Release Management¶
Version, eval, diff, promote, roll back, and audit agents like production software, with quality gates that block regressions before they reach customers.
Release management turns ad-hoc prompt iteration into production engineering. The same discipline that keeps web services from regressing — versioning, evals, gated promotion, rollback — applies to agents, but the failure modes are different and the tooling has to match.
Versioning¶
Every applied resource is a version. Joch records the resource version, the active policy versions at the time, and the framework adapter version, so the runtime configuration is fully reproducible.

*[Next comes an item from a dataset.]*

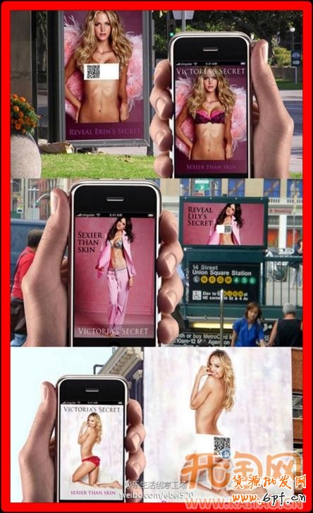 著名女性內衣品牌“維多利亞的秘密”曾做過一個二維碼的戶外廣告,非常轟動。街頭廣告的畫面中都是“維多利亞的秘密”的性感模特,關鍵部位都用二維碼擋住。被打上“馬賽克”的模特引起路人極大的興趣,拿著手機對著性感模特圖進行掃描的消費者數不勝數,他們都想一窺“馬賽克”后面藏著什么。

joch get agents support-triage --history
joch describe agent support-triage --version 8
joch diff agent support-triage --from 7 --to 8
The diff is structural (model, tools, MCP servers, policies, budgets, framework adapter) and includes referenced resources, so a policy change that affects the agent is visible in the diff even if the agent record itself did not change.
Evals¶
A Joch Eval is a versioned, scored evaluation against a dataset:
apiVersion: joch.dev/v1alpha1
kind: Eval
metadata:
name: support-triage-quality
spec:
target:
kind: Agent
name: support-triage
dataset:
type: file
uri: ./evals/support-cases.jsonl
metrics:
- name: task_success
type: llm_judge
- name: tone_consistency
type: llm_judge
- name: cost_per_case
type: numeric
- name: latency_p95_ms
type: numeric
- name: pii_leakage
type: deterministic
schedule:
onDeployment: true
nightly: true
thresholds:
task_success: 0.85
tone_consistency: 0.9
cost_per_case: "<0.40"
latency_p95_ms: "<3000"
pii_leakage: 0.0
Evals run on demand, on a schedule, or as a release gate. Their results are durable and feed observability.
Diff and promote¶
Joch encourages an explicit promotion ladder:
Each step is a joch promote with optional gates. A typical CI pipeline:
joch validate -f .
joch diff agent support-triage --from prod --to staging
joch eval run support-triage-quality --target staging
joch promote support-triage --from staging --to prod \
--require eval:support-triage-quality \
--require approval:release-manager
A promotion that fails its gate produces a clear failure and an audit record.
Release gates¶
A release gate is a check that runs before a promotion is allowed:
Eval gate required eval must pass thresholds
Approval gate a designated team must approve
Policy gate the new spec must pass all policy validations
AgBOM gate AgBOM diff must show no high-risk new components
Budget gate projected cost must stay below budget
Latency gate latency regression must stay below threshold
Release gates compose. A prod promotion can require any combination, with each contributing a verifiable record to the audit trail.
Rollback¶
Rollback is one command:
The rollback re-applies the prior agent record, including its referenced model, tool, MCP server, and policy versions. Joch records the rollback as a release event with the reason.
CI/CD integration¶
Joch fits into existing CI:
# .github/workflows/agents.yml (example)
- name: Validate Joch resources
run: joch validate -f ./agents
- name: Diff against prod
run: joch diff -f ./agents --against context:prod
- name: Run evals
run: joch eval run -f ./evals --target staging
- name: Promote
if: github.ref == 'refs/heads/main'
run: joch promote -f ./agents --from staging --to prod
The same commands work locally for fast iteration and in CI for governed promotion.
What a Joch release record contains¶
Every promotion creates a release record with:
agentRef which agent
fromVersion previous version
toVersion new version
diff structural diff (resources + referenced policies)
evalResults which evals ran, which thresholds passed
approvals who approved, when
abomDiff new components, removed components, changed versions
runtimeContext which environment / cluster / cloud
operatorIdentity who or which automation triggered the promotion
timestamp UTC
rollbackPath the rollback target if needed
These records are the auditable history of every change to a production agent.
Acceptance criteria¶
A team operating Joch's Release Management pillar can:
- prove that prod agent X is at version Y, applied at time T, by operator O, with policies P at versions V,
- block a release that drops
task_successbelow threshold, with an actionable failure message, - roll back a regression in one command, with the rollback recorded in the audit log,
- diff two agent versions and see the structural change plus the referenced policy and AgBOM deltas.